In looking over offers on the web of snakes for sale, I keep running across breeders claiming that their snake is 66% het for some recessive trait. These claims come from a simple misunderstanding of the laws of chance and their application to genetics.
I am pretty sure that they are making their claim using the following logic. If they cross the F1 generation from a wild type and a recessive, then they know that both snakes being breed are het for the recessive trait. If one does a pundent square for their offspring, you expect to see a ratio 1:2:1, with 1/4th of the offspring homo for the recessive trait. Since this is an obvious phenotype, the only offspring whose genetic makeup will be in doubt are the wild types. It is here that the error comes in. Since they will have no doubt about the homo recessive snakes, they think that by subtracting that that portion from the mix, what is left are mix where 1/3rd will be wild and 2/3rd’s will be het. The fact is that just because you can tell which snakes turned out homo recessive has no influence on the genetics of any of the unknowns. The original odds were that 50% would be hetro, 25% would be homo recessive, and 25% would be homo wild types. Knowing the outcome for some of the offspring does not tell you anything about the other offspring that will be showing the wild phenotype. Each event is independent.
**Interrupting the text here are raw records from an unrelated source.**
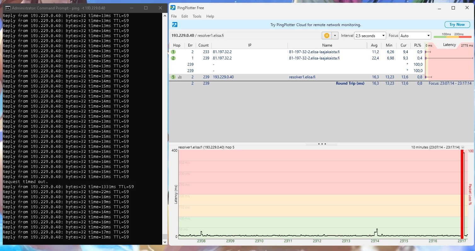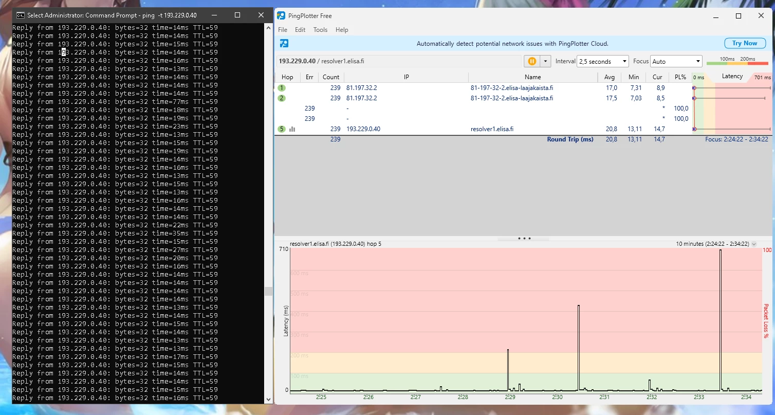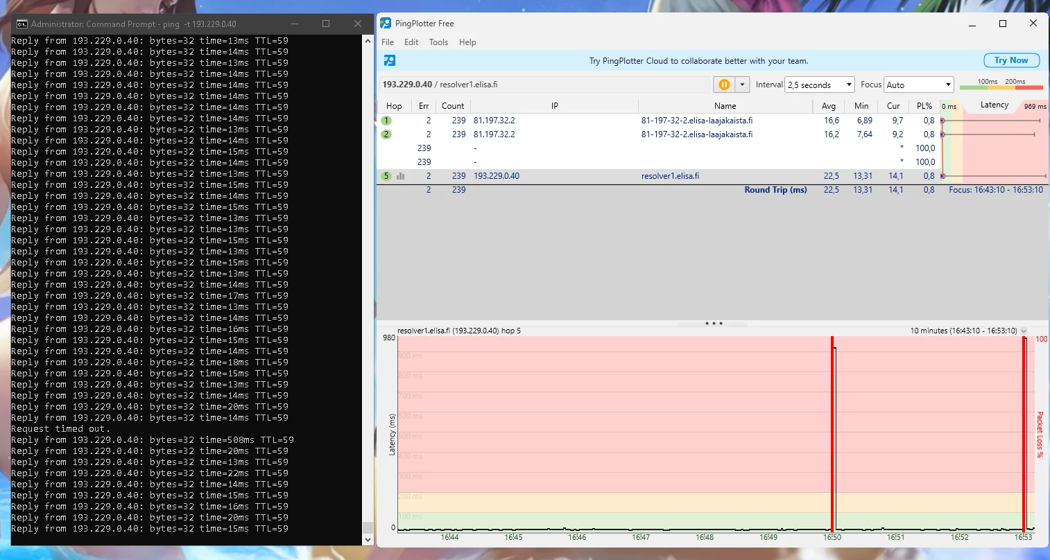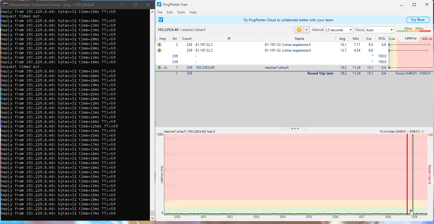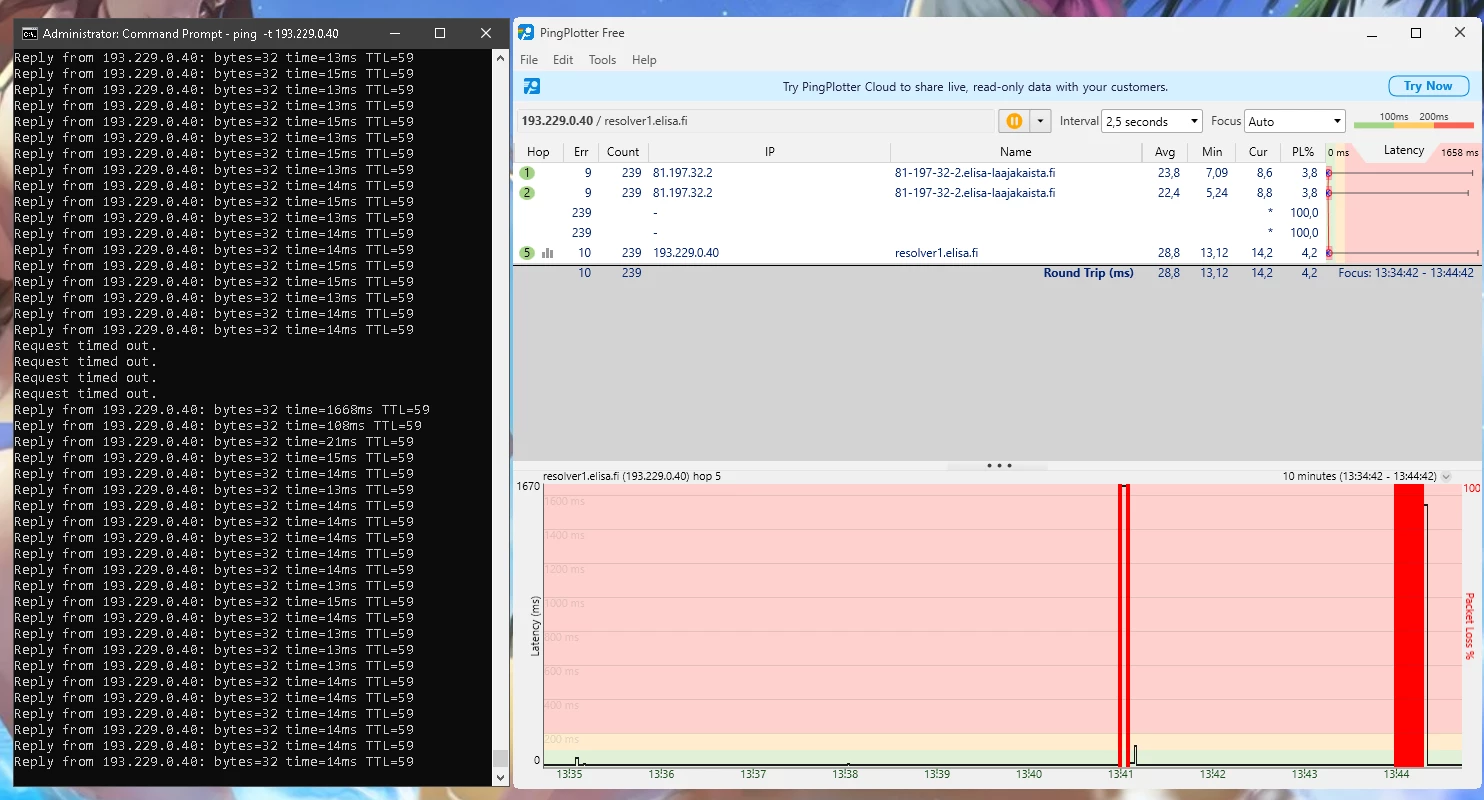 Ja nämä häiriöt jatkunee kohta 2 vuotta. Omalta osalta on kaikki mahdollinen kokeiltu eikä ole korjaantunut. Olisi kiva tietää miksi asiakaspalvelu vaan jarruttaa asiaa eikä yritä auttaa millään lailla vaa tarjoaa irtisanomista tai vaihtamista 5G:hen.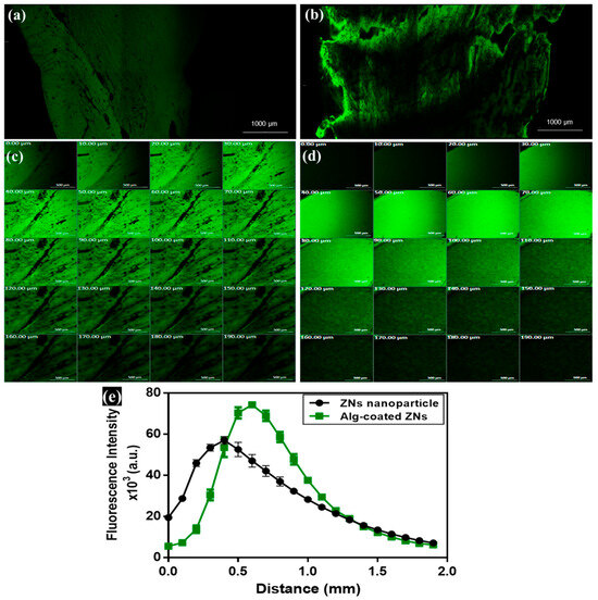 A small longitudinal section of the corneal tissue was inspected using a microscope (LSM 710; Carl Zeiss, Oberkochen, Germany). The FDA dye excitation wavelength was 488 nm, and the emission wavelength was 530 nm. Considering corneal layers, the observation yielded qualitative and quantitative data regarding the evaluated formulations. Optical scanning was conducted across a depth range of 0 µm to 150 µm, utilizing increments of 10 µm. The penetration attributes of the ZNs and ZNs-Alg systems within the corneal tissue were elucidated by fabricating a three-dimensional graphical illustration implementing a Z-stack model [50].
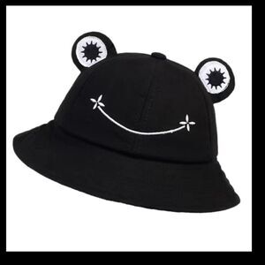 ADORABLE frog bucket hat I have pink and black one. Fits most all sizes.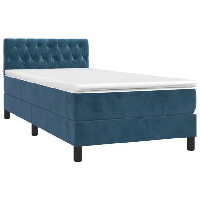Uporabite to box spring posteljo za uživanje v mirnem spancu! Ponuja maksimalno sprostitev in prijeten spanec. Mehak žamet: Žamet je mehka in razkošna tkanina, ki jo prepoznamo po gostem kupu enakomerno rezanih gladkih vlaken. Žametna tkanina ima značilen mehak občutek, zaradi česar je prijetna na dotik.Praktično vzglavje: Vzglavje postelje je nastavljivo po višini po vaših željah. To vzglavje za posteljo vam zagotavlja odlično oporo za hrbet, ko sedite na postelji in berete ali gledate filme.Ležišče z žepkastimi vzmetmi: Vgrajena individualna žepkasta vzmet je znana po zelo visoki kakovosti, hkrati pa zagotavlja visoko stopnjo vzdržljivosti in prilagodljivosti. Lahko učinkovito absorbira hrup in udarce, ki jih povzročata metanje in obračanje.Srednje trda opora: Posteljna vzmetnica odlično zagotavlja dodatno stabilnost in ravno pravšnjo stopnjo čvrstosti, ne da bi pri tem žrtvovala udobje. Zato je idealna za tiste, ki spijo na hrbtu ali trebuhu.Koži prijazen nadvložek: Zaščita za ležišče ima trpežno in koži prijazno tkanino, zaradi česar je mehka in udobna. Opomba:Zaradi higienskih razlogov vzmetnice ni mogoče vrniti po odstranitvi ali odprtju embalaže.Vsakemu izdelku je priložen priročnik za enostavno sestavljanje.Postelja:Barva: Temno modraMaterial: Žamet (100 % poliester), vezan les, konstruiran lesDimenzije: 193 x 90 x 78/88 cm (D x Š x V)Vzmetnica za posteljo:Barva: Bela in temno modraMaterial: Žamet (100 % poliester)Material polnila: Žepkaste vzmeti, penaDimenzije: 90 x 190 x 20 cm (Š x D x V)Nadvložek:Barva: BelaMaterial nadvložka: Blago (100 % poliester)Material polnila: PenaDimenzije: 90 x 190 x 5 cm (Š x D x V)Paket vsebuje:1 x Posteljni okvir1 x Vzglavje1 x Vzmetnica1 x Nadvložek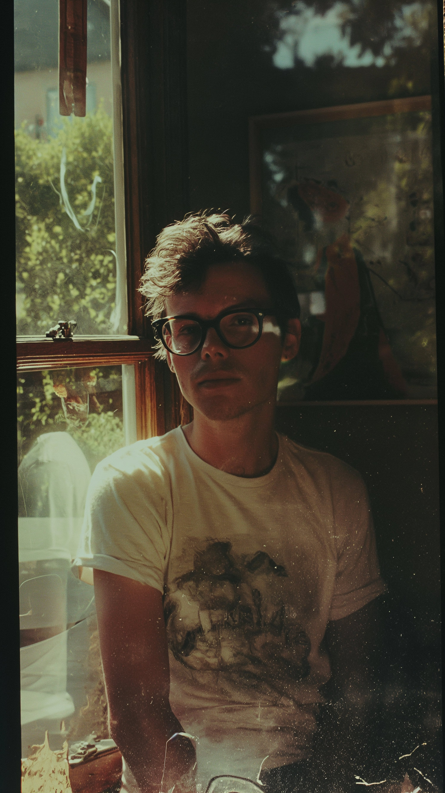 Young man with glasses in warm sunlight by a window, wearing a white graphic tee. Nostalgic and relaxed atmosphere.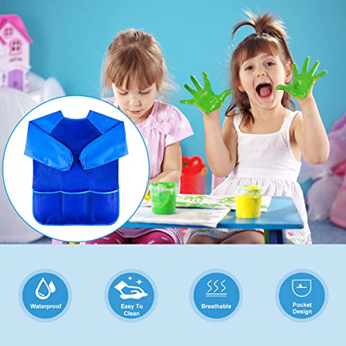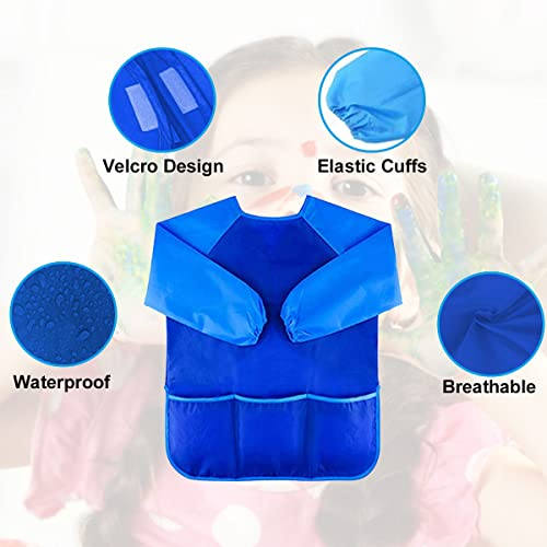 BAOSROY Grembiulino Pittura Bambini,Grembiule per Pittura Bambini,Grembiuli Bambini,Grembiulino Bambini,Grembiule Impermeabile Bambini,Grembiulino Scuola con Maniche Lunghe,Blu,M
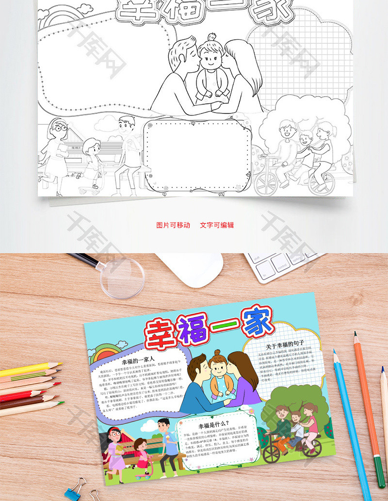 蓝色幸福一家小报word手抄报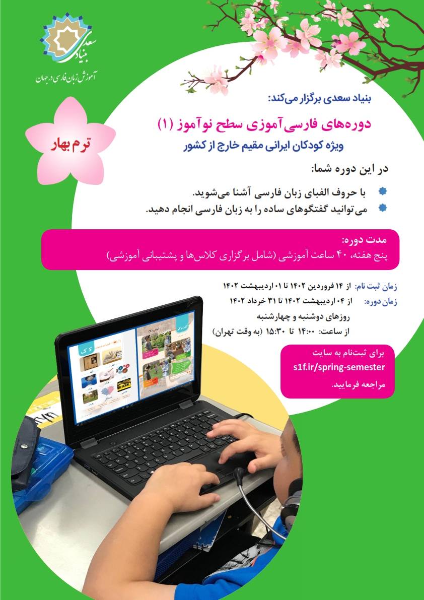 ثبتنام دوره بهاره برخط فارسیآموزی سطح نوآموز ۱ ویژه کودکان ایرانی مقیم خارج از کشور از امروز ۱۴/۰۱/۱۴۰۲ (۰۳/۰۴/۲۰۲۳) آغاز و تا ۰۱/۰۲/۱۴۰۲ (۲۱/۰۴/۲۰۲۳) ادامه دارد.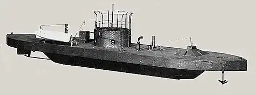 USS Monitor was an ironclad warship built for the United States Navy during the American Civil War and completed in early 1862, becoming the first such ship commissioned by the Navy.[a] Monitor played a central role in the Battle of Hampton Roads on 9 March under the command of Lieutenant John L. Worden, where she fought the casemate ironclad CSS Virginia (built on the hull of the scuttled steam frigate USS Merrimack) to a stalemate. The design of the ship was distinguished by its revolving turret, which was designed by American inventor Theodore Timby; it was quickly duplicated and established the monitor class and type of armored warship built for the American Navy over the next several decades.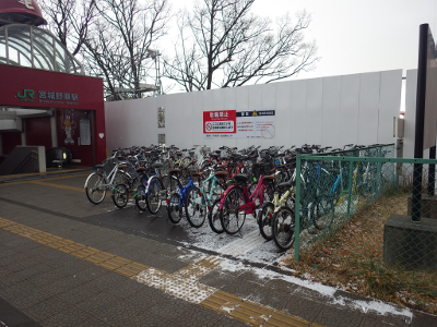 また,街が雪化粧をしはじめたこの日,宮城野原駅前に違法駐輪された自転車の数は,いつもより多いように見えた。点字ブロックの上に置かれた自転車の数は,概ね,いつもどおりの数であった。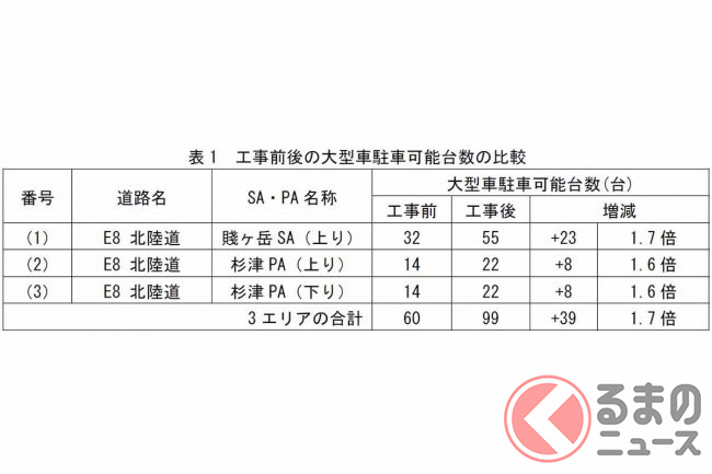 「駐車マス増設」北陸道も着手! 3か所のSA・PAでスタート 敷地そのままに大型車は約1.7倍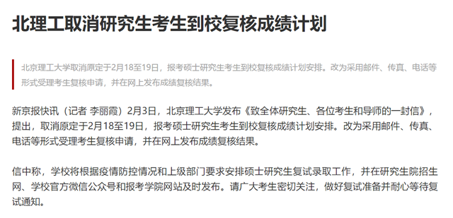 2月3日,北京理工大學(xué)發(fā)布《致全體研究生、各位考生和導(dǎo)師的一封信》,提出,取消原定于2月18至19日,報(bào)考碩士研究生考生到校復(fù)核成績(jī)計(jì)劃安排。改為采用郵件、傳真、電話等形式受理考生復(fù)核申請(qǐng),并在網(wǎng)上發(fā)布成績(jī)復(fù)核結(jié)果。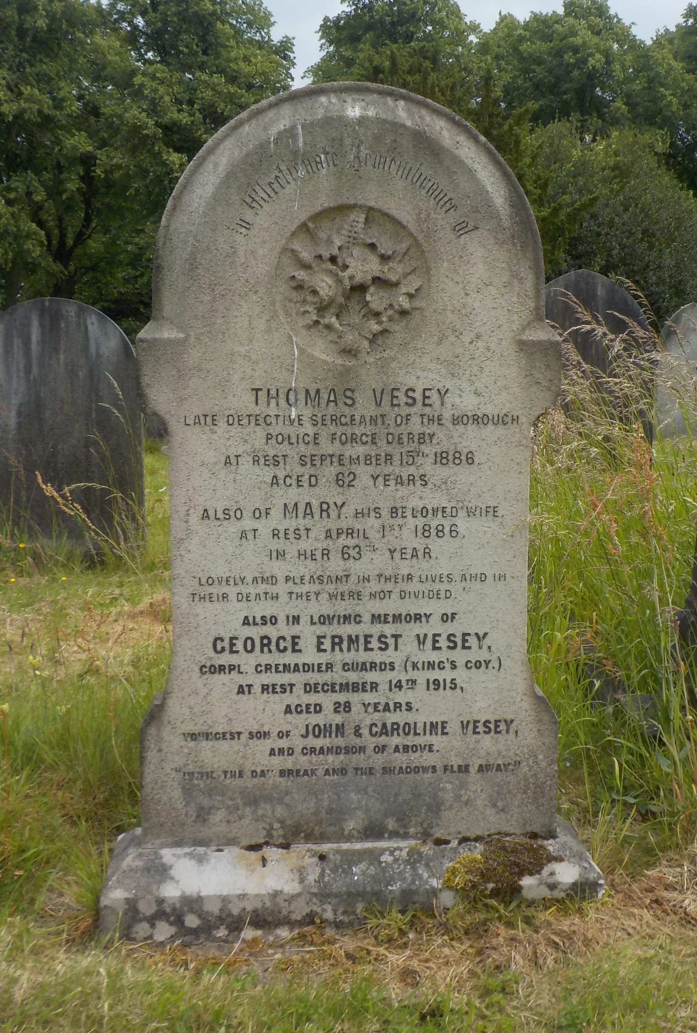 Died 14/12/1915 Age 27. Lance Corporal, Grenadier Guards, King's Coy. 1st Bn. Service Number 18150. Son of John and Caroline Vesey, of Derby.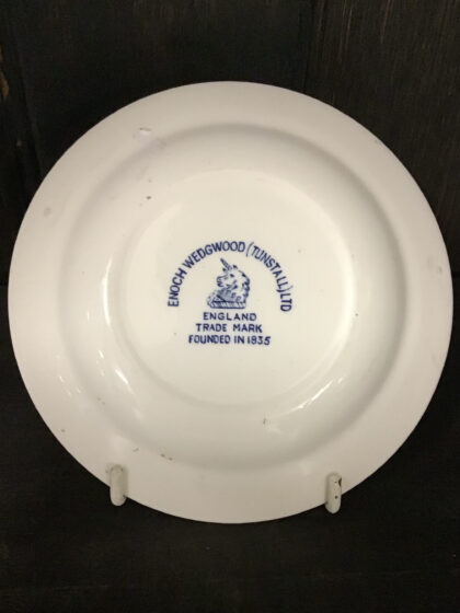 A small white glazed ceramic Schweppes plate with blue lettering and decoration. Made by Enoch Wedgwood (Tunstall) Ltd and bears blue backstamp to base.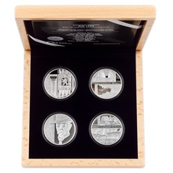 Čtyřdílný komplet mincí je uložen do luxusní dřevěné krabičky.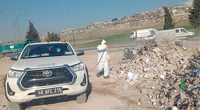 Depremin meydana geldiği ilk andan itibaren şehir genelinde arama kurtarma, yangına müdahale, altyapı tadilatı, vatandaşların yeme içme ve barınma ihtiyaçlarının karşılanması noktasında çalışmalarını aralıksız sürdüren Kahramanmaraş Büyükşehir Belediyesi, deprem sonrası meydana gelebilecek salgın hastalıkların önüne geçmek için enkaz alanlarında ilaçlama uygulamaları gerçekleştiriyor. Çevre illerden yardıma gelen belediyelerinde katkıda bulunduğu çalışmalarda toplamda 30 araç ve 250 personel görev alıyor. Yoğun bir şekilde sürdürülen çalışmalarla, deprem sonrası meydana gelebilecek salgın hastalıkların önüne geçilerek halk sağlığının korunması hedefleniyor.

This is the same basic mistake that most of us make with the classic coin toss problem. If one flips a “fair” coin 99 times, and each times it comes up heads, what are the odds that it will come up tails on the next flip. Most of us would say it was a sure thing to come up tails because what are the odds of it happening 100 times in a row. We would think that it had to be due to come up tails. But the fact is that the odds are still the same, 50/50 because each previous event has no influence on the next toss. Each toss is an independent event.